Last month, I pulled out my “hierarchy of workplace needs,” which I plan to come back to soon. Sharing the model in the past, I offered caveats: it’s a graphic representation, a visual metaphor. Not an actual hierarchy. It’s an experience-based opinion, not a peer-reviewed psychology study.
Reviewing Jason Li’s illustration, one of my unstated assumptions is glaringly absent: basic human dignity.
When I borrowed from Maslow’s Hierarchy, I did not assume that the ground under the triangle should say, “I am a human being, and worthy of being treated accordingly.”
Some truths, though self-evident, still need to be stated. This has been an :exploding_head: moment for me.
And, as it seems that we must say this…then we must have different conversations about work.
You may not think the gig economy is coming for your own job. If we're vibing together on the idea of "basic human dignity" as a basis for how people should be treated at work, I urge you to read up on HR 8442, “Worker Flexibility and Choice Act."
- On not knowing what we don't know, Competence: On Management #48 and a follow up, Feedback.
- Through a tweet I can't find, I think it was a reply to Yvahn, I also recently learned that Maslow's Hierarchy of Needs was informed by his observations as a guest of the Siksika people in Canada in the late 1930s.
Thanks to Interlibrary Loan, I put my hands on a copy of Sidney Stone Brown's Transformation Beyond Greed: Native Self Actualization. I've got more to learn on this! And I've said it before and stand by it, Yvahn's twitter is the best twitter.

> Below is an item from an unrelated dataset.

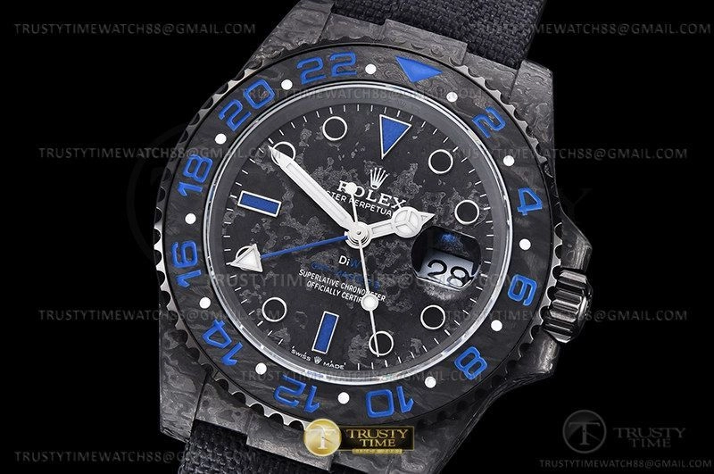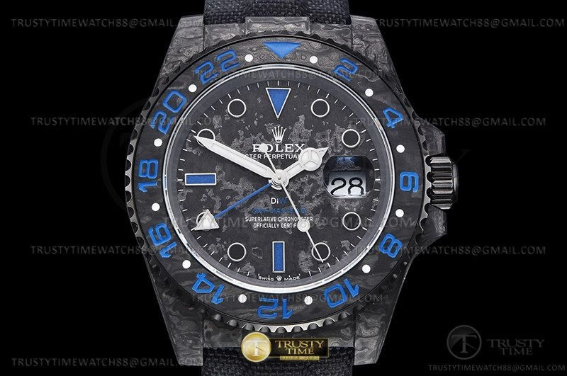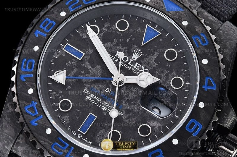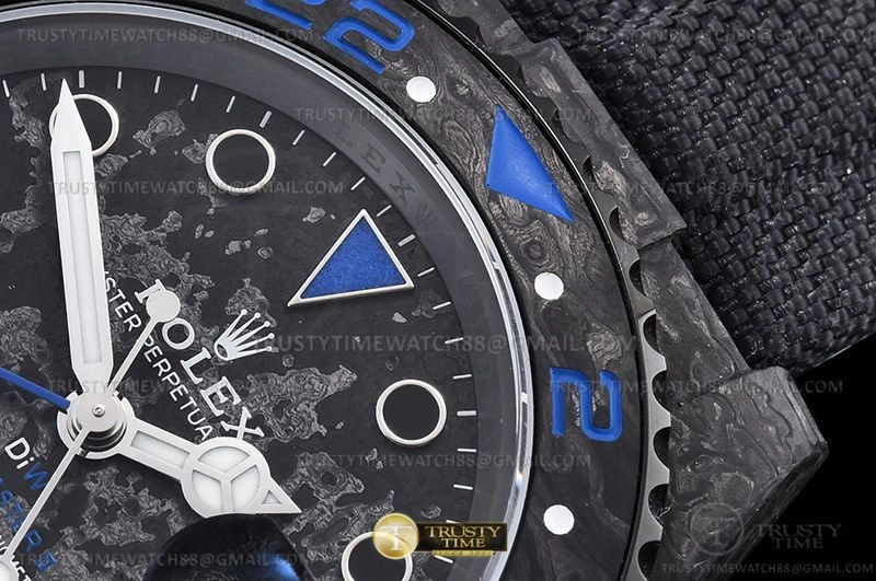 Часы Rolex из коллекции GMT Master II DIW. Спортивные мужские часы Rolex GMT Master II DIW Electro премиального качества (Артикул магазина: RX-2407) оснащены надежным автоматическим механизмом с автоподзаводом (работает от амплитуды движения руки) калибра 3186, в котором реализованы следующие функции: часовая, минутная и секундная стрелки, а так же дата, двойное время (GMT). Круглый корпус часов черного цвета, имеющий размер 40 мм и высоту 12 мм превосходно дополнит образ и украсит запястье своего обладателя. Для изготовления часов Rolex GMT Master II DIW Electro предлагаемых в нашем интернет-магазине, применяются кованый карбон высокого качества (Швейцарский стандарт), а так же сапфировое стекло высокой прочности, благодаря чему обеспечивается максимальная защита от сколов и механических повреждений. Отличительной чертой данной модели является черный циферблат, часовые индексы которого обеспечивают часовые метки. Завершает образ нейлоновый ремешок черного цвета на липучке Rolex. Водонепроницаемость данной модели составляет 30М (WR30) – допускается минимальное воздействие с водой.

- I shared some of my caveats about Maslow's hierarchy back in March, 2017, in What People Need, Right Now. And I wrote again about my own metaphoric hierarchy in 2019, in Are norms really normal? On Management #39. (Probably elsewhere, too. My kingdom for an archivist lol.)
- The Internet, among other things, will bring you a wealth of economist jokes. If that's your thing.